By PHK
During the 1990s, it was clear that Russia’s path to democracy would be strewn with thorns. The country’s ability to shed Communism in favor of a capitalist economy along European, not American, lines I thought, however, would be a foregone conclusion.
Maybe, maybe not
I – and most others – do not expect the Russian Federation to attempt to recreate the Soviet Union’s failed seventy year twentieth century foray into Communism, but the country’s development of a modern economic system based on recognizable commercial law any time soon is equally questionable. The impediments to the development of a strong, independent merchant class run too deep in the veins of Russian history.
Here’s the story: even in the 19th and early 20th centuries, the Czars felt far more comfortable by creating and nurturing industrialists in St. Petersburg dependent upon their rule than in helping Moscow’s independent capitalists flourish. In the end, of course, the Bolsheviks destroyed them all after 1917 – or at the very least their wealth and growing influence - but enough relics of Moscow’s turn of the century bourgeoisie remain to provide glimpses of their lives and times thus making possible the book Merchant Moscow.
The back story
In 1978 shortly after I arrived in Moscow to work in the U.S. Embassy’s Cultural Section as Academic Exchanges Officer, James West, then an American professor of Russian history at Connecticut’s Trinity College, now a senior professor at Vermont’s Middlebury College, walked into my office. He had come on a research fellowship as part of the official US-Soviet exchange of senior scholars. He dropped by my office in the Embassy’s Cultural Section to introduce himself and retrieve his mail.
This was West’s third time in the Soviet Union. He went there first as a student, then a graduate student and again in 1978 as a senior researcher. He was studying a subject which ultimately became a basis for Merchant Moscow: Images of Russia’s Vanished Bourgeoisie, the book he later co-edited with Iurii Petrov. Princeton University Press published Merchant Moscow twenty years later.
West told me – a newcomer to the Soviet Union that fall – that to understand the Soviet Union one needed to understand the Russian Empire.
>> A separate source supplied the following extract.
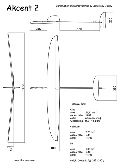 "Akcent-2" is a molded composite hand launch glider model made by Dmitriy Lomovtsev of LD-models in Russia. The model has several innovative features in addition to a sleek graceful design and a proven airfoil set (modified AG series from Mark Drela). The wing is molded with a CNC routed foam core inside a double layer fiberglass skin. A carbon grid ("disser") is layed under the skin for torsional stiffness. The foam core makes the wing very durable and repairable. The fuselage is a one-piece carbon molded affair with a 2.4G friendly fiberglass nose. The tail feathers are molded with CNC routed foam cores and a light layer of fiberglass. The stab is detachable and is mounted on a very clever and light tail mount with one plastic screw and two fixing pins. The model is designed for pull-spring control setup in the fuselage, but a pushrod setup can be used of course if desired. Pushrods, or strings and springs are not supplied with the kit and must be obtained separately by the builder. The glider is designed for pilots of any level - from beginners to advanced pilots. Akcent-2 has been successfully used by pilots in Russia and the first few models have been flown in the USA and Europe with positive feedback. Kit contents:

By this he meant that underneath the grit, grime, and grungy paint of 1978 Moscow was a thousand years of history, culture and tradition – and that much of the seemingly incomprehensible behavior, in fact had lengthy and gnarled roots.
Soon after the fall of the Soviet Union in 1992, Jay and I had another conversation on a very similar topic. This time it was about the new Russia. He said to understand the new Russian Federation one needed to understand the Soviet Union.
Certainly one of the defining characteristics of the Soviet Union was its abhorrence of anything that smacked of capitalism. What I had almost forgotten, however, was the shallowness of capitalism’s roots in the Russian Empire but understanding this helps me put in better context Vladimir Putin’s approach to the Russian economy. This includes his treatment of “the oligarchs,” the large, homegrown mostly Jewish capitalists who arose in the wake of the fall of the Soviet Union and his government’s increasing control over large scale enterprise.